Karystianis George, Sheppard Therese, Dixon William G, Nenadic Goran
School of Computer Science, University of Manchester, Manchester, UK.
The Christie NHS Foundation Trust, Manchester, UK.
BMC Med Inform Decis Mak. 2016 Feb 9;16:18. doi: 10.1186/s12911-016-0255-x.
Free-text medication prescriptions contain detailed instruction information that is key when preparing drug data for analysis. The objective of this study was to develop a novel model and automated text-mining method to extract detailed structured medication information from free-text prescriptions and explore their variability (e.g. optional dosages) in primary care research databases.
We introduce a prescription model that provides minimum and maximum values for dose number, frequency and interval, allowing modelling variability and flexibility within a drug prescription. We developed a text mining system that relies on rules to extract such structured information from prescription free-text dosage instructions. The system was applied to medication prescriptions from an anonymised primary care electronic record database (Clinical Practice Research Datalink, CPRD).
We have evaluated our approach on a test set of 220 CPRD prescription free-text directions. The system achieved an overall accuracy of 91 % at the prescription level, with 97 % accuracy across the attribute levels. We then further analysed over 56,000 most common free text prescriptions from CPRD records and found that 1 in 4 has inherent variability, i.e. a choice in taking medication specified by different minimum and maximum doses, duration or frequency.
Our approach provides an accurate, automated way of coding prescription free text information, including information about flexibility and variability within a prescription. The method allows the researcher to decide how best to prepare the prescription data for drug efficacy and safety analyses in any given setting, and test various scenarios and their impact.

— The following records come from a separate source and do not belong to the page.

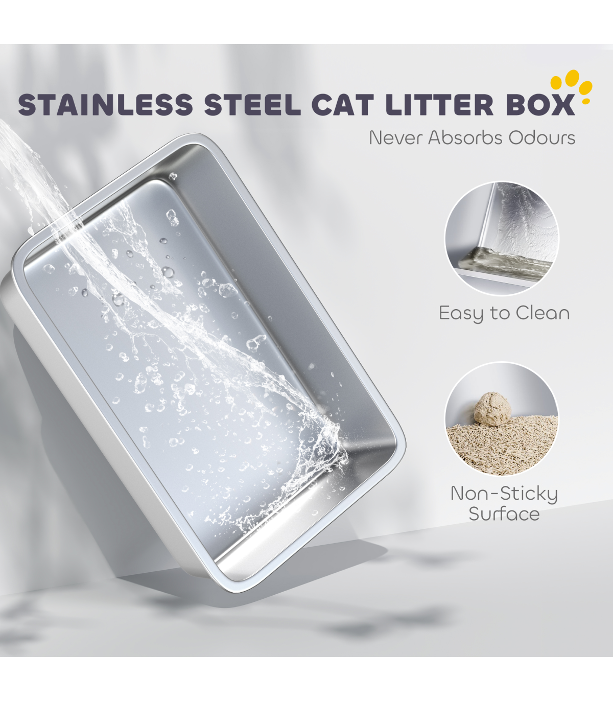 ? Non-stick stainless steel cat litter tray for effortless daily cleaning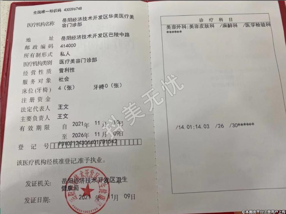 醫(yī)療機(jī)構(gòu)名稱:岳陽(yáng)經(jīng)濟(jì)技術(shù)開(kāi)發(fā)區(qū)華美醫(yī)療美容門(mén)診部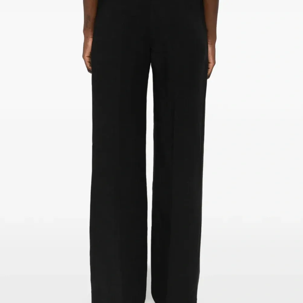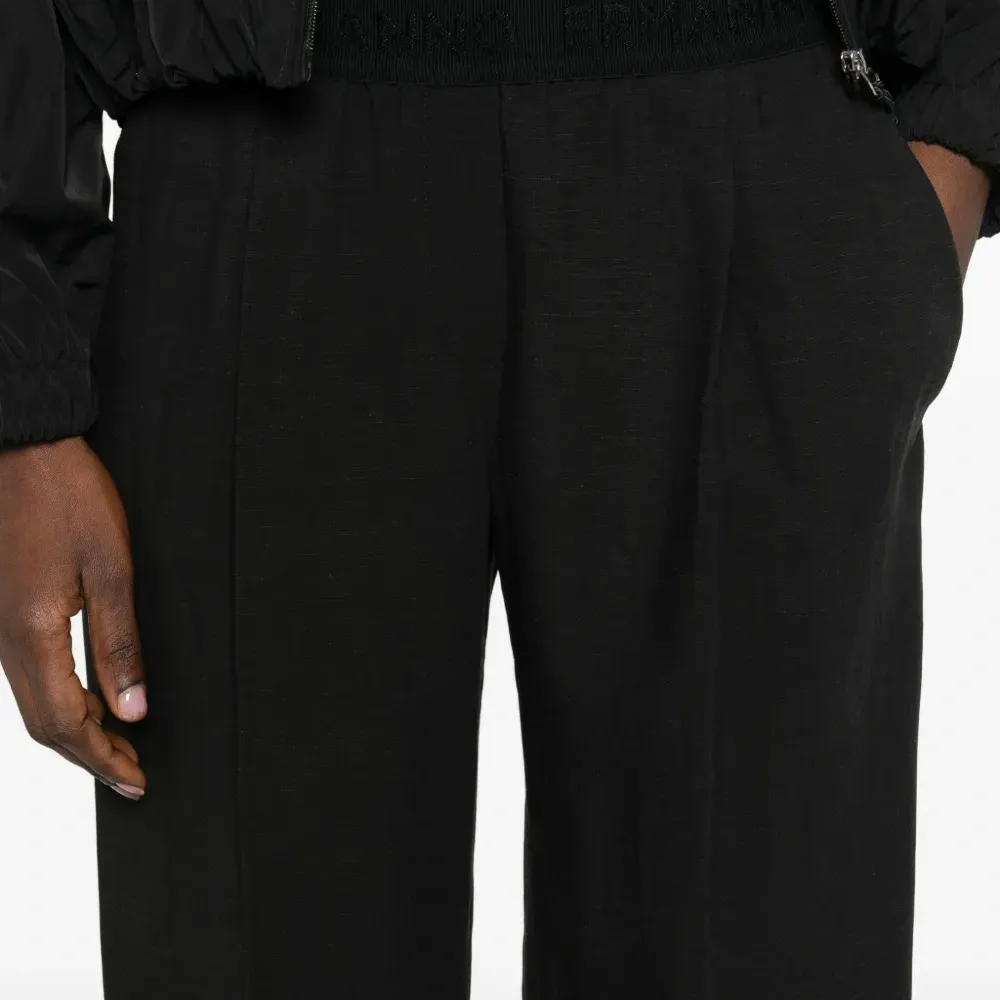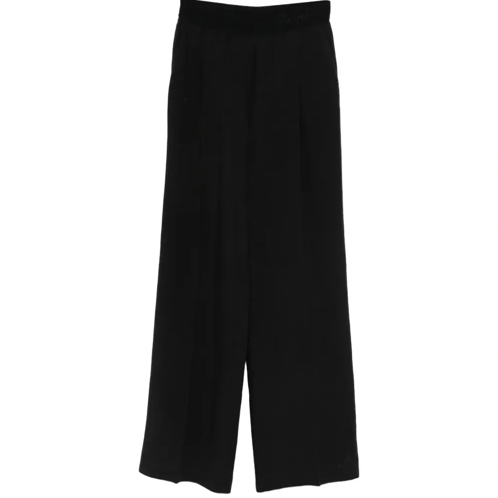 черные широкие брюки с логотипом, эластичным поясом, прорезными карманами и отделочной прострочкой

自由文本药物处方包含详细的用药指导信息,这在准备用于分析的药物数据时至关重要。本研究的目的是开发一种新颖的模型和自动化文本挖掘方法,以从自由文本处方中提取详细的结构化药物信息,并在初级保健研究数据库中探索其变异性(例如可选剂量)。
我们引入了一种处方模型,该模型为剂量数量、用药频率和用药间隔提供最小值和最大值,从而能够对药物处方中的变异性和灵活性进行建模。我们开发了一个文本挖掘系统,该系统依靠规则从处方自由文本剂量说明中提取此类结构化信息。该系统应用于来自匿名初级保健电子记录数据库(临床实践研究数据链,CPRD)的药物处方。
我们在一组220条CPRD处方自由文本说明的测试集上评估了我们的方法。该系统在处方层面的总体准确率为91%,在各属性层面的准确率为97%。然后,我们进一步分析了CPRD记录中超过56000条最常见的自由文本处方,发现四分之一的处方具有内在变异性,即在服用药物方面存在不同的最小和最大剂量、持续时间或频率的选择。
我们的方法提供了一种准确、自动化的方式来编码处方自由文本信息,包括处方内灵活性和变异性的信息。该方法使研究人员能够决定在任何给定环境下如何最好地准备用于药物疗效和安全性分析的处方数据,并测试各种情况及其影响。